Case Name: THE STATE v. ROANOKE RAILROAD AND LUMBER COMPANY
Court: Supreme Court of North Carolina
Jurisdiction: North Carolina
Decision Date: 1891-09
Citations: 109 N.C. 860
Docket Number: 
Parties: THE STATE v. ROANOKE RAILROAD AND LUMBER COMPANY.
Judges: 
Reporter: North Carolina Reports
Volume: 109
Pages: 860–863

Head Matter:
THE STATE v. ROANOKE RAILROAD AND LUMBER COMPANY.
Obstructing Highway — Railway Crossing — Indictment— Variance — Arrest of Judgment in Supreme Court.
1. An indictment charging a railroad company with obstructing a public road by the use of plank at a crossing, is fatally defective if it does not charge the manner of the misuse of the plank, as plank may be used for such a purpose.
2. It is a fatal variance in an indictment for obstructing a highway at a railroad crossing, to pro^e that the defendant permitted for some time a dangerous hole to remain in the crossing.
8. Judgment will be arrested in the Supreme Court if the indictment is defective, although no motion in arrest was made in the Court below.
CRIMINAL action, tried before Bryan, J., at May Term, 1891, of Beaufort Superior Court.
The defendant is indicted for obstructing a public road. The indictment charges that he “ unlawfully and wilfully did obstruct said public road by placing in and across it certain plank where the road of said corporation (the defendant) crossed the said public road, so that the good citizens of the State could not, nor cannot now, cross and recross over said public road with their teams, as they were accustomed to pass and repass, and so continues to impede and obstruct said road, to the common nuisance,” etc.

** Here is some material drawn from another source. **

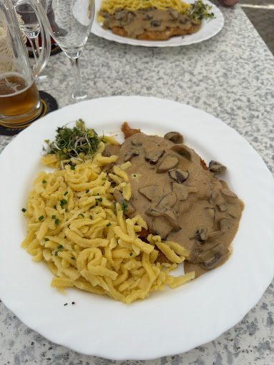 Read moreThis is a great spot with a lovely atmosphere to relax in after your Schwetzingen Schloss tour. The spargel salad was very refreshing, especially with the smoked salmon that came with it. If you want to go all out with German cuisine, the Jäger schnitzel is a fantastic choice. It comes with Spätzle, a German take on pasta that pairs perfectly with the creamy mushroom sauce on the schnitzel. For drinks, the Ritter Hell was a standout—just the right balance of sweetness and alcohol, one of the best beers...

The defendant pleaded not guilty.
On the trial but one witness was examined, and the material parts of his testimony were, that “ the defendant’s road crosses this public road ; the company did not have énough plank; it was elevated eight or ten inches above the public road; between the track of the defendant’s road and the platform which sloped to the track was a hole. This hole was eight to ten inches deep from top to bottom ;|it was not safe for teams. I think the elevation above the public road was eight or ten inches — -might have been less. The hole was on the north side of defendant’s road ; the hole was there about April or May, 1890; the plank had slipped down, leaving the hole; the plank was well up to the railroad, when I first saw it; the lumber road’was not down there more than two or three months before I saw it; it was there some time before there was any hole; the hole was as much as four inches wide.”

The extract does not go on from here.